Is that a Glass Jar or Plastic?
Is the lid left off or on the whole time other than topping off evaporated water?

Looks cool!


----------



## rhinotam0405

The top was left open. Glass jar sitting in the sill, indirect light most of the day. She rotated the jar around every week. She first used some of her tank water, then just added water straight from the well. No algae so to speak, the moss seems extremely healthy. I plan on starting to plant the tank today (maybe) and will be taking it out of the jar. I'll take some more photos and post. The moss is so thick in there that light can't penetrate all the way through the glass, so hopefully the insides are all healthy too.


----------



## rhinotam0405

Here's a picture of the top looking in. Not real sure how I am going to get it all out!


----------



## hockey9999

How long was it growing for? That's a ton of moss!


----------



## Rockhoe14er

haha. I think it would be awesome if people started selling moss by the jug. 

2L of java 50 dollars.....

is there much algae on the moss at all?


----------



## shane3fan

Wonder how many critters are living in that moss? Oh, wait, was it inside? Because of the pics I was thinking it was left outside, but now I see it says window sill.

Ive got some Peacock moss growing in a bowl under a CFL light in my fishroom. I just top it off like your friend did. Ive gotten some lady bugs down there lately.


----------



## rhinotam0405

I dont see any algae on it... but i havent taken it out yet. I'll take another picture of it when I get it out, maybe tonight.

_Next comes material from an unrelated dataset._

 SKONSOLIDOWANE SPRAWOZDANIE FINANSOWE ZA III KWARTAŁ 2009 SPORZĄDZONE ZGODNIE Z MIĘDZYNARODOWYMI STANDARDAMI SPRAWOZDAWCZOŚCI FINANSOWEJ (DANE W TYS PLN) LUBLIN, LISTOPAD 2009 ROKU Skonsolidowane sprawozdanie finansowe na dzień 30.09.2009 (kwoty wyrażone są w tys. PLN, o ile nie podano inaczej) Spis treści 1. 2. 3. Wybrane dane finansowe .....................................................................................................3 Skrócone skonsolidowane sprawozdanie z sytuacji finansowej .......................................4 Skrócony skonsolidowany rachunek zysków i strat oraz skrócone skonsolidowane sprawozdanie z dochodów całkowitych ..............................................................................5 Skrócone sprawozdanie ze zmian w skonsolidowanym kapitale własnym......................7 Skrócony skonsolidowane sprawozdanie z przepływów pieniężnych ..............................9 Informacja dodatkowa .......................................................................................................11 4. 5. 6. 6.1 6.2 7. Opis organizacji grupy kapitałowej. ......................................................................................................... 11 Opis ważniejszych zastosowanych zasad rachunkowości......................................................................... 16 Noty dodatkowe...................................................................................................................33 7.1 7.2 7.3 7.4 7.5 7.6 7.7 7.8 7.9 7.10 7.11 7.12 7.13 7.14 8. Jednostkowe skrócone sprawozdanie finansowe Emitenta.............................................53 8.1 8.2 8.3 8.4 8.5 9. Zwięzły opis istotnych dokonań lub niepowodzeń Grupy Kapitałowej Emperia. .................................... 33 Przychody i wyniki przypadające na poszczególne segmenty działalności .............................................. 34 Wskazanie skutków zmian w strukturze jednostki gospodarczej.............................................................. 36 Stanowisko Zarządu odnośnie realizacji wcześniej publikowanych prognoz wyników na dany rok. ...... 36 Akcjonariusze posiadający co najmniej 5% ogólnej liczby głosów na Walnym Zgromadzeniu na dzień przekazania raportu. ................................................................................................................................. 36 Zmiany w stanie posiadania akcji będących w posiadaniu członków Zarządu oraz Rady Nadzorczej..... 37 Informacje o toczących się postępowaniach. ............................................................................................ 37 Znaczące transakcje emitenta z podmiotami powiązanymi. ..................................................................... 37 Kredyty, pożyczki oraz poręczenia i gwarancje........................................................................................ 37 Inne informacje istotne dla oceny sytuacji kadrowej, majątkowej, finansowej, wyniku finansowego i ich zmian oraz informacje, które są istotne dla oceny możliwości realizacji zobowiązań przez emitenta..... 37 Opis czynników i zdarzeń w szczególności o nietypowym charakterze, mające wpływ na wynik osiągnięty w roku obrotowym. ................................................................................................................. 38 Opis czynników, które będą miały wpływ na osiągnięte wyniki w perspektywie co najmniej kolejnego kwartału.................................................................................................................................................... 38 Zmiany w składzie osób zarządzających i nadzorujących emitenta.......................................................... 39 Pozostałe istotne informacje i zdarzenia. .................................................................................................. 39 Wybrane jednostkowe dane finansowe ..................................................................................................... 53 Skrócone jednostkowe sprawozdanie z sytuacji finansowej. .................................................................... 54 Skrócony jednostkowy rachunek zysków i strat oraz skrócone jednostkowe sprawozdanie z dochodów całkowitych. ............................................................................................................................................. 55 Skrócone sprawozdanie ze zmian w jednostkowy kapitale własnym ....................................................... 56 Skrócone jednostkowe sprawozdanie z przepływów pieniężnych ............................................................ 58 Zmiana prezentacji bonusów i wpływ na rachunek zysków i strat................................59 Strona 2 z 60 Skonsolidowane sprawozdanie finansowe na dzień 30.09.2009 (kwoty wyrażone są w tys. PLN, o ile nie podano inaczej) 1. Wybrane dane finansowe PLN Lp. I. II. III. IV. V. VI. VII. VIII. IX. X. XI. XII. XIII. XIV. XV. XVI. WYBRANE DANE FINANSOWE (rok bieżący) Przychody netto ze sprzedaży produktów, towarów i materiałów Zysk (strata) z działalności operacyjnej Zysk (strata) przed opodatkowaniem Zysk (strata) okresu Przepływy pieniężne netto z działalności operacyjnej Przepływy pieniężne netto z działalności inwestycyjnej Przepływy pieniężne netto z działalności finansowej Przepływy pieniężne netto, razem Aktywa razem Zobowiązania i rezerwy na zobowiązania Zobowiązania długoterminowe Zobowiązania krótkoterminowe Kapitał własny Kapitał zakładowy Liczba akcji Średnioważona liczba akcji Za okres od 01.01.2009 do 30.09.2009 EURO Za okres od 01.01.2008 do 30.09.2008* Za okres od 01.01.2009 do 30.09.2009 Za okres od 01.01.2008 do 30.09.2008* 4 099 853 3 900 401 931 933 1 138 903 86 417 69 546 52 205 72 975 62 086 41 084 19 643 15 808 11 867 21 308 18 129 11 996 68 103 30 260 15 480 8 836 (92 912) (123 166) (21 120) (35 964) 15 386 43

HUMMM....moss by the jug??? you may be on to something!

It's been growing since the week beforeThanksgiving:bounce:


----------



## ValMM

Seeing that jar of Java moss makes me want to have hundreds of tanks, just so I could put a little in each. It looks awesome!


----------



## Granny

Last summer I was going to set up a new tank, so I took a glob of Java and a glob of Riccia, plopped each into its own clear plastic box to save it for the new tank, (one of those small storage boxes, bigger than the shoe boxes), filled it with tap water, and sat it on my porch in partial sun. It was growing almost immediately. I added a few guppies to each box and only bothered to add water when I noticed it was down.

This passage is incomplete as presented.